# Steiman Retriever Products



## Daren Galloway (Jun 28, 2012)

Quality has gone down and prices have gone up since he bought Lou's business. Buyers beware.


----------



## drunkenpoacher (Dec 20, 2016)

Not a lot of products that haven't gone up in price over the past year.
Never bought anything from there so I'll take your word on the quality issues.


----------



## highdesert (Mar 24, 2020)

I was not a fan of the stickmen I ordered from them recently. Also, $150 for a whistle is an absolute joke.


----------



## ronkstahl (Jul 26, 2013)

Unfortunately, I would have to agree. Bought a couple of gun stands after the change of ownership and the build quality is poor for the price I was charged. This was before all the supply shortages.


----------



## Chrisg2709 (Oct 16, 2018)

highdesert said:


> I was not a fan of the stickmen I ordered from them recently. Also, $150 for a whistle is an absolute joke.
> [/QUOTE


He posted a pic of his whistle and asked what he should charge for it. I posted a 3d printed one I bought for $30. He deleted my comment. Imagine that.


----------



## lenny1962 (Mar 25, 2020)

Damn! I am sorry to hear that.


----------



## rookie (Sep 22, 2003)

Daren Galloway said:


> Quality has gone down and prices have gone up since he bought Lou's business. Buyers beware.


Daren
We at Train-Rite produce several products that Steiman makes! Bird dryers, Blinds, stickmen along with our Train-Rite Launchers and Releases. Daren this is a very price competitive business and I can tell you and all who have read your post you get what you pay for! Blind material has gone way up and cost is $15.00 to over $23.00 a yd. there is on the average 3yds of material to a 4 pole blind! at $23.00 a yard plus nylon straps for the legs and Sewing cost with a pocket and grommets your at $85.00 plus $35.00 a pole or $140.00 for a 4 pole blind! total without markup is $225.00 plus markup and shipping. Daren the Cost for a high quality blind will be $275.00 to $300.00! 
Wow you say how can that be "Go Brandon" inflation is going through the Roof and we have little control over it! if we can't make a $50.00 dollar profit on a blind why even build it!
A quality 4 pole Blind $70.00 material, $25.00 for Nylon strap and grommets with pocket. $25.00 for sewing and $140.00 for poles plus $12.00 for shipping box, plus market up!
Total cost $322.00 before shipping!!!
This game we play is getting expensive So but quality products they last cheap products cost more in the long run!!
Warren Price
Train-Rite


----------



## Daren Galloway (Jun 28, 2012)

rookie said:


> Daren
> We at Train-Rite produce several products that Steiman makes! Bird dryers, Blinds, stickmen along with our Train-Rite Launchers and Releases. Daren this is a very price competitive business and I can tell you and all who have read your post you get what you pay for! Blind material has gone way up and cost is $15.00 to over $23.00 a yd. there is on the average 3yds of material to a 4 pole blind! at $23.00 a yard plus nylon straps for the legs and Sewing cost with a pocket and grommets your at $85.00 plus $35.00 a pole or $140.00 for a 4 pole blind! total without markup is $225.00 plus markup and shipping. Daren the Cost for a high quality blind will be $275.00 to $300.00!
> Wow you say how can that be "Go Brandon" inflation is going through the Roof and we have little control over it! if we can't make a $50.00 dollar profit on a blind why even build it!
> A quality 4 pole Blind $70.00 material, $25.00 for Nylon strap and grommets with pocket. $25.00 for sewing and $140.00 for poles plus $12.00 for shipping box, plus market up!
> ...



Do you have a website I can look at your products? I do not see it off hand except for releases and launchers on a google search.


----------



## rookie (Sep 22, 2003)

Daren Galloway said:


> Do you have a website I can look at your products? I do not see it off hand except for releases and launchers on a google search.

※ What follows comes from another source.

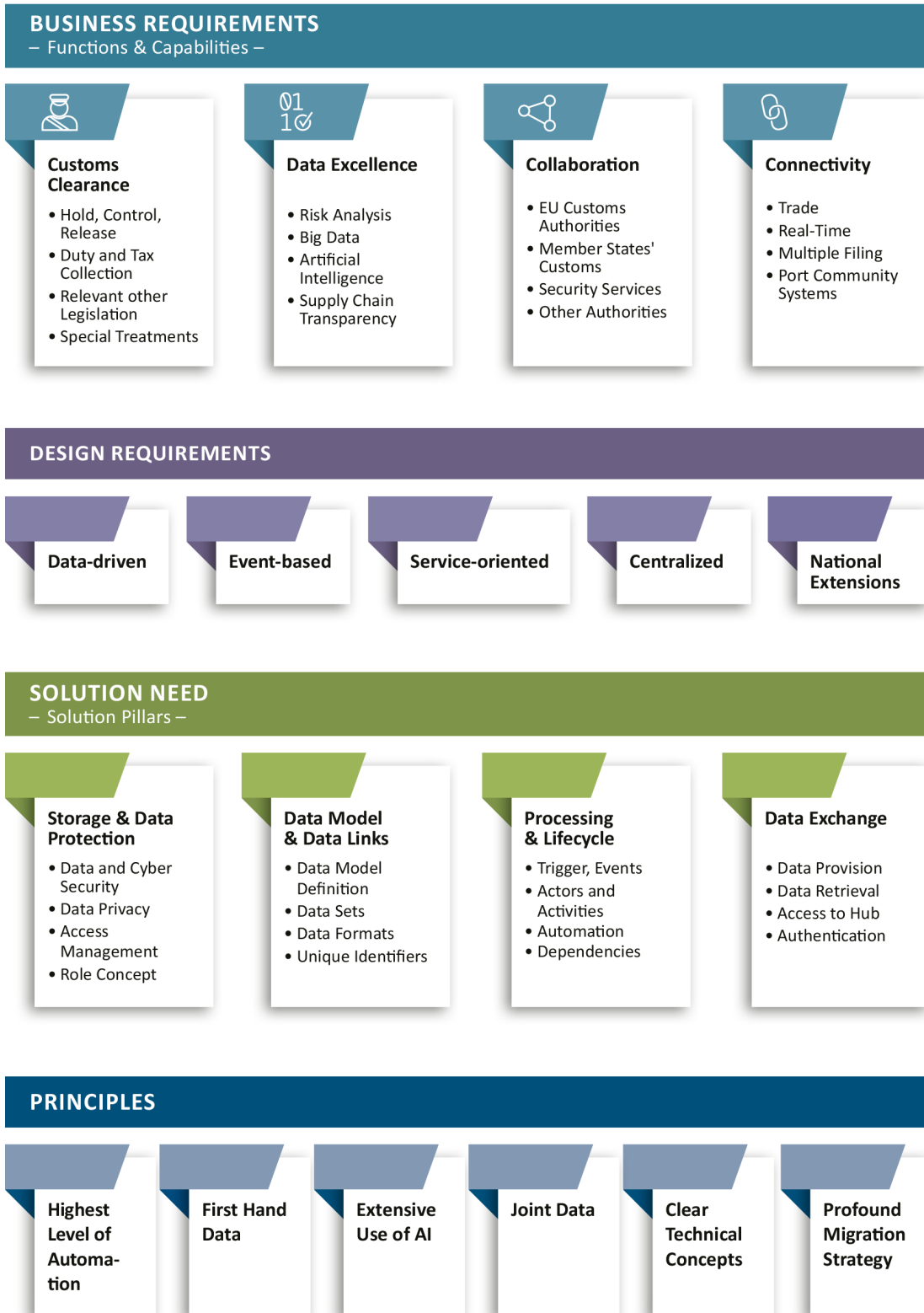
Abbildung 3 – Gesamtübersicht Data Hub Anforderungen, Lösungsansätze und Prinzipien

Website is currently going through a complete revision! if you would like pictures call me and I will text message them to you! 716-807-5839
Warren price
Train-Rite
716-807-5839


----------



## Daren Galloway (Jun 28, 2012)

rookie said:


> Website is currently going through a complete revision! if you would like pictures call me and I will text message them to you! 716-807-5839
> Warren price
> Train-Rite
> 716-807-5839


Thanks. I'm good on equipment at the moment but will keep you in mind for the future!


----------



## Daren Galloway (Jun 28, 2012)

Here's how Lyle handles negative reviews.


----------



## ErinsEdge (Feb 14, 2003)

Deleted


----------



## Loran Marmes (JR) (Jan 19, 2013)

i am in the market for some new stickmen, i have some of the old magee ones and love them, i saw some of the replacement ones for those now and i was not impressed with the quality, the poles were crooked, strings loose everywhere and just not near the quality i have seen with them before. there is a price increase which i suppose everything has right now. I find the fabric used on these show up the best compared to anything i have seen, so i am curious if anyone knows if the quality has improved recently and the poorer quality ones were just part of a transition period from the purchase of Lou's business. If the quality still isnt up to snuff, what other stick men besides the diamonds are people using?


----------



## RandyJaco (Nov 8, 2019)

Check out Slinger Winger stickmen. I have 3 and really like them.


----------



## lylesteinman (Nov 13, 2020)

highdesert said:


> I was not a fan of the stickmen I ordered from them recently. Also, $150 for a whistle is an absolute joke.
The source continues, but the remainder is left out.